Ice Fallen

Twenty one year old Don Sanderson of Ontario’s Whitby Dunlops died this January. He got into a brawl on December 12th and after spending a month in hospital, succumbed to his head injuries this past January, becoming a parents’ past, becoming a memory because violence on the rink is condoned and encouraged.
Since hockey started in 1875, fighting has always been a part of the package. Before the turn of the century nearly a dozen people died on the rink, most of those responsible being acquitted. As the 1900′s began, regulations slowly began to form and while several more deaths occurred, most notably in the thirties, a ban was never issued, a suggestion to withhold (cough*grow up*cough) was never handed down to the players.

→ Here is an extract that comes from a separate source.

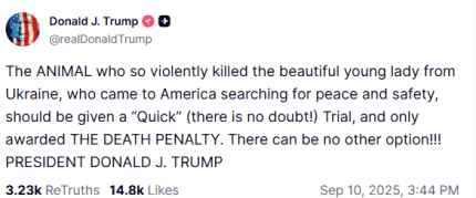 Тварина, яка жорстоко вбила прекрасну молоду дівчину з України, яка приїхала до Америки в пошуках миру та безпеки, повинна бути "швидко" (безсумнівно!) осуджена і засуджена лише до смертної кари. Іншого вибору не може бути.

New rules did come to fruition however and today the fighting that occurs, while real, is almost always the result of forethought and planning, an illusory pageantry that, in junior leagues and the NHL alike, is considered a worthwhile way of keeping fans coming back for more. Evidently the game isn’t good enough to draw fans on its own.

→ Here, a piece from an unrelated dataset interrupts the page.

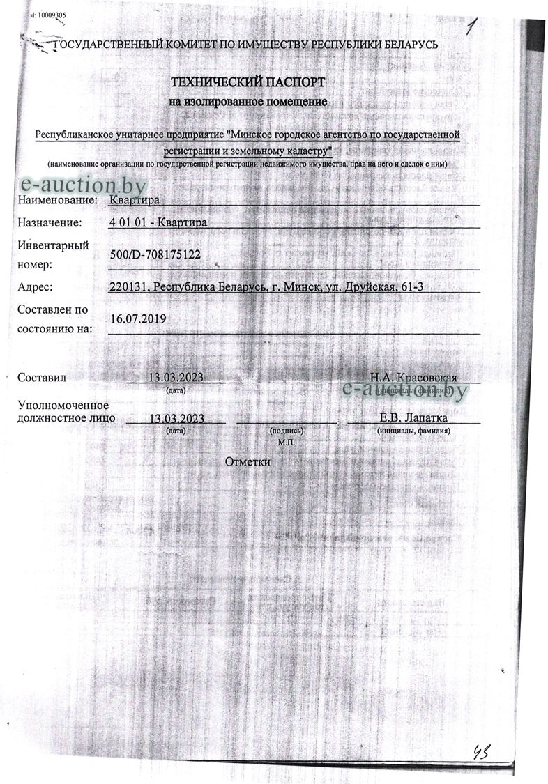 | Местоположение имущества | г. Минск, ул. Друйская, 61-3 |

There is a code in today’s modern hockey. A code of silence. What happens on the rink stays on the rink. Those who push the boundaries too far (Bertuzzi, Moore, etc.) get handled with enough disciplinary action to make the so-called ‘liberal urban sissies’ happy but not enough to actually make a point.

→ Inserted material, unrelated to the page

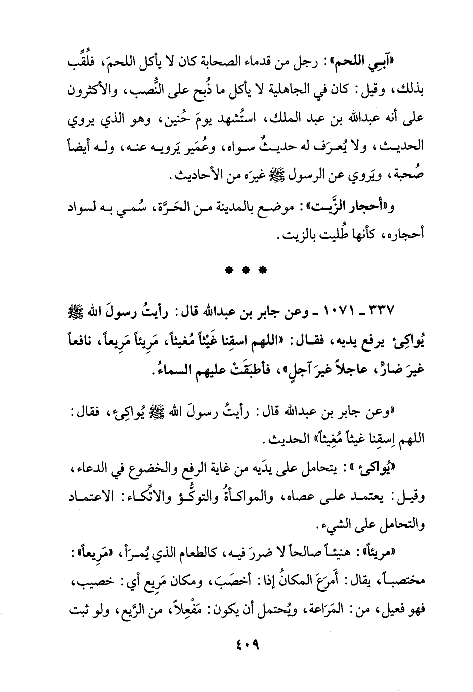 337 - 1071 - وعن جابر بن عبد الله قال: رأيت رسول الله صلى الله عليه وسلم يواكيء يرفع يديه , فقال: " اللهم اسقنا غيثا مغيثا , مريئا مريعا , نافعا غير ضار , عاجلا غير آجل ",

The preferred policy is to allow the status to stay quo; Let the boys play their game, on-rink fighting diminishes instances of slashing and high-sticking, and so on, etc..
And so when a 21 year-old fell to the ice and slipped into a coma, the silence continued. It happens. Nobody ever gets REALLY hurt. He’ll wake up. But he didn’t. He never would. Sanderson’s death marks the first death deemed directly related to a hockey fight by a coroner since the current set of on-ice violence regulations have been in play. His passing should have stood as an example but hockey is an establishment of tradition.
“Unless you’ve played the game, you can’t understand.”
Perhaps. But perhaps there’s also a reason for why Tiger Woods never takes his three iron to Mike Weir, for why Cristiano Ronaldo and David Beckham don’t throw their cleats around to settle things… to say nothing of true football fans…. Kobe Bryant keeps cool on the courts and Peyton Manning holds his composure across the yard lines. Baseball players don’t take the bat to one another. Nobody’s ever tried to strangle an opposing team member with a volleyball net, curlers don’t make use of what their stones could really dish out, and England’s boy princes have never jousted with their mallets in quarrel on the polo pitch.
Violence in hockey is nothing more than an ignorant attempt to amp up a sport that is already exciting enough as it is. One need look no further for proof than across the pond where nearly all European hockey leagues have banned fighting or to the Olympics where fighting is strictly banned as it is in all olympic wages of sport. The sport is the draw. The sport itself is the hook. All other sports line and sink their fans simply by existing in their raw form, without the draw of what has become pre-meditated yet spontaneous chicanery on ice by players who are picked specifically to get into said scuffs in the first place. The bottom line is that hockey is a game. A game. At its heart it was designed for recreation, and while money, glory, competition, and a trophy are at stake, in the end it’s still JUST a game.
Look at the picture at the top before you click away (see it larger HERE). It was taken during a Vancouver Giants game recently. Look in the audience. There are actually people smiling, exuding content over grown men, the professionals among them being paid millions of dollars, engaging in violence for entertainment. But at what point does entertainment become reality?
I’m sure a mother and a father in Whitby would be more than happy to provide an answer.